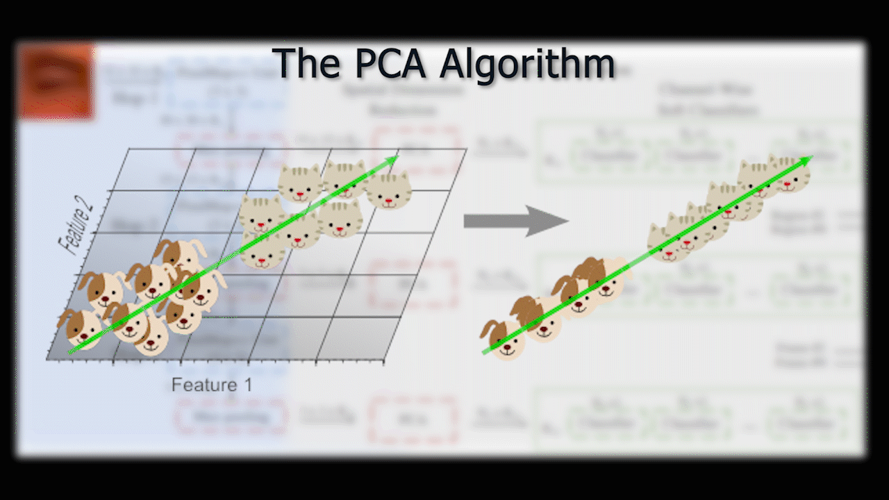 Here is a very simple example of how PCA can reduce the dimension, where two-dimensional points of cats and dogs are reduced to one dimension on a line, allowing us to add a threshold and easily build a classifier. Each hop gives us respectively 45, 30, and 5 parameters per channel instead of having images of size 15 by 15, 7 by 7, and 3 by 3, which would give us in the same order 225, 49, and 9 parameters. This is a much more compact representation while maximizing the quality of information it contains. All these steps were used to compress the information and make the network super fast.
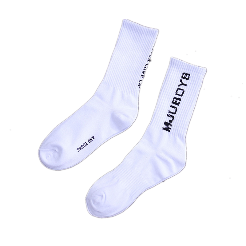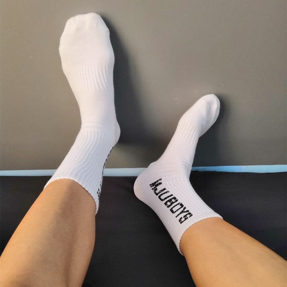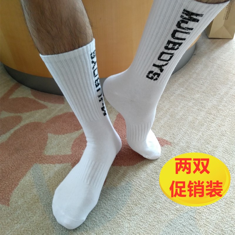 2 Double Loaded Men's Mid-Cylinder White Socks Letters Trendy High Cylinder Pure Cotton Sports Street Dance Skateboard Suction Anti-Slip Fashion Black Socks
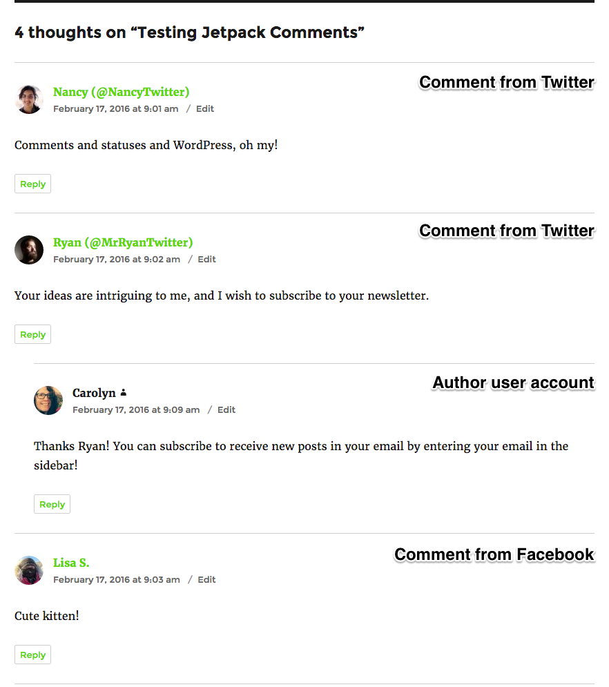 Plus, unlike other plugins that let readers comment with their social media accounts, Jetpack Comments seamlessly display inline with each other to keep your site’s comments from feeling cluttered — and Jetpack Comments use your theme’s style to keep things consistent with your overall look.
◆ ◆ ◆ ◆ ◆ ◆ ◆
• Work instruction:
Where images occur in the data above, leave them out and repeat everything else exactly.

• Completed exercise:
 Here is a very simple example of how PCA can reduce the dimension, where two-dimensional points of cats and dogs are reduced to one dimension on a line, allowing us to add a threshold and easily build a classifier. Each hop gives us respectively 45, 30, and 5 parameters per channel instead of having images of size 15 by 15, 7 by 7, and 3 by 3, which would give us in the same order 225, 49, and 9 parameters. This is a much more compact representation while maximizing the quality of information it contains. All these steps were used to compress the information and make the network super fast.
 2 Double Loaded Men's Mid-Cylinder White Socks Letters Trendy High Cylinder Pure Cotton Sports Street Dance Skateboard Suction Anti-Slip Fashion Black Socks
 Plus, unlike other plugins that let readers comment with their social media accounts, Jetpack Comments seamlessly display inline with each other to keep your site’s comments from feeling cluttered — and Jetpack Comments use your theme’s style to keep things consistent with your overall look.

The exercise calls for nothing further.